En cas de manifestation aiguë, d’essoufflement interdisant de s’allonger, il ne faut pas hésiter à appeler le SAMU.

Comment et pourquoi l’activité physique améliore-t-elle la vie des patients insuffisants cardiaques ?

L’insuffisance cardiaque gêne l’effort, en raison d’une part d’un fonctionnement moins efficace de la « pompe » cardiaque, et d’autre part à cause d’anomalies périphériques,  musculaires (perte de muscles, diminution des enzymes et des mitochondries qui servent à l’utilisation musculaire de l’oxygène et donc au fonctionnement musculaire) et vasculaires (fonctionnement des vaisseaux sanguins conditionnant l’apport du sang aux muscles, vaisseaux qui perdent leur capacité à se dilater, et donc à augmenter le flux sanguin à l’effort).
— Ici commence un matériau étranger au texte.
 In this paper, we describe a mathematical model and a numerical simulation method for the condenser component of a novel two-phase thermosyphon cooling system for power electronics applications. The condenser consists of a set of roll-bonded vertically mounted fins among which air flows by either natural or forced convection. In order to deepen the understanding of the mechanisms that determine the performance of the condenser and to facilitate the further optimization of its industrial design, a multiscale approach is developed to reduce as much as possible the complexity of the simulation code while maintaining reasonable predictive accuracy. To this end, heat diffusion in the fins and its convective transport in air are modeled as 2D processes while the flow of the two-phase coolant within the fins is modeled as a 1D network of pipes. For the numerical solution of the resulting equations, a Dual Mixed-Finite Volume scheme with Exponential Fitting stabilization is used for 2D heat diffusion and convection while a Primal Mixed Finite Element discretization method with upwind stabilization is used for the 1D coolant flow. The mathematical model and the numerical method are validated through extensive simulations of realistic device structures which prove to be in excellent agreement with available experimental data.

Il existe également des troubles des systèmes énergétiques et des récepteurs articulaires à l’effort. Toutes ces anomalies combinées fatiguent et essoufflent les patients à l’effort.
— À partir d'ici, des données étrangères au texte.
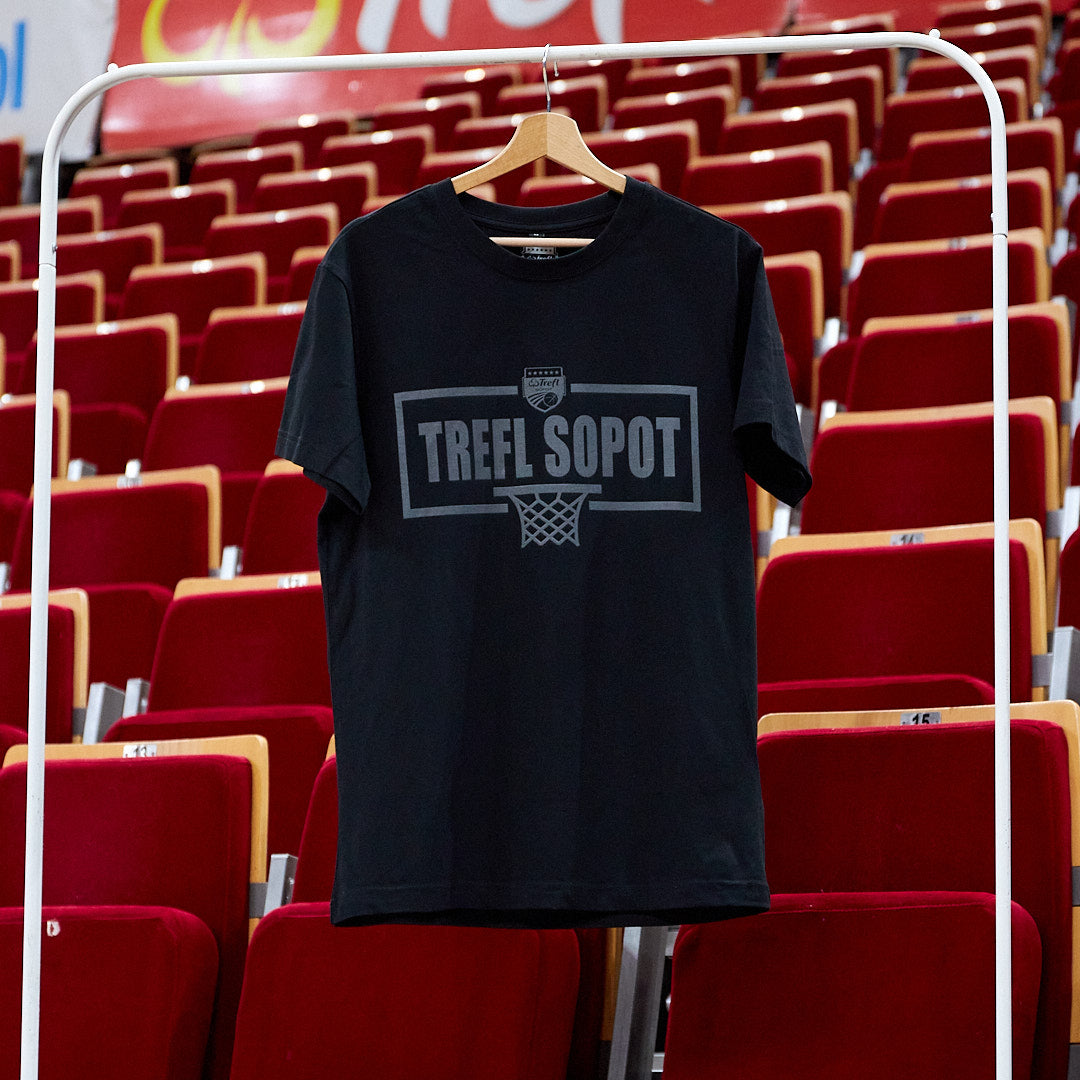 Czarna koszulka z nadrukiem w kształcie kosza z napisem Trefl Sopot!

En sollicitant régulièrement le système cardio-circulatoire et musculaire, la pratique régulière d’exercices physiques normalise progressivement ces anomalies, à condition que cette activité soit adaptée en termes de type et d’intensité.

Il est souvent bénéfique de proposer à ces patients, souvent très déconditionnés à l’effort, de passer par une phase de réadaptation cardiaque encadrée dans des services spécialisés. En effet, entre l’appréhension de « faire du sport » seul et d’encourir des incidents, et celle de ne pas savoir « quoi faire » ou « comment faire », sans compter la gêne importante à l’effort, décourageante, peu de patients se mettent spontanément à l’exercice seuls. La réadaptation permet de les initier à l’exercice physique, en toute sécurité, avec des coachs et une équipe médicale et paramédicale formée à la pathologie. Elle consiste en un réentraînement progressif en endurance (sur vélo ou sur tapis, en charge continue et si possible avec des exercices « fractionnés » en Interval Training), associé à une activité de renforcement musculaire qui améliore la force périphérique et l’utilisation musculaire de l’oxygène ainsi que leur vascularisation. Les bénéfices s’observent assez rapidement, en 6-8 semaines à raison de 2-3 entraînements par semaine.
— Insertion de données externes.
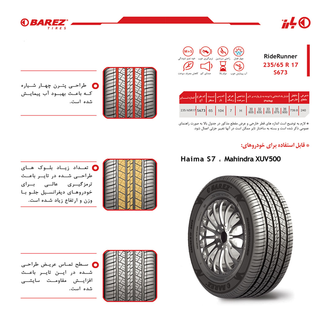 لاستیک بارز 235/65R17 گل BAREZ S673 درجه1 (دو حلقه)

L’activité physique constitue un médicament aussi important que les nombreuses pilules prescrites, et doit être prise comme telle : on ne doit pas l’oublier ou la négliger, au même titre que les médicaments. Elle devrait être prescrite à dose optimale pour chaque patient, tout comme les autres traitements !

Malheureusement, si cette activité physique n’est pas maintenue régulièrement (au moins 3 fois par semaine pendant au moins 30 minutes, avec idéalement une activité de renforcement musculaire en plus), les bénéfices de la réadaptation se perdent entièrement en moins de 2 mois, avec réapparition de l’essoufflement à l’effort et la perte d’autonomie liée à la gêne dans les activités quotidiennes (faire les courses, sortir de chez soi, prendre le métro…). L’activité physique étant également un des éléments clés pour diminuer les décompensations, les hospitalisations et les décès.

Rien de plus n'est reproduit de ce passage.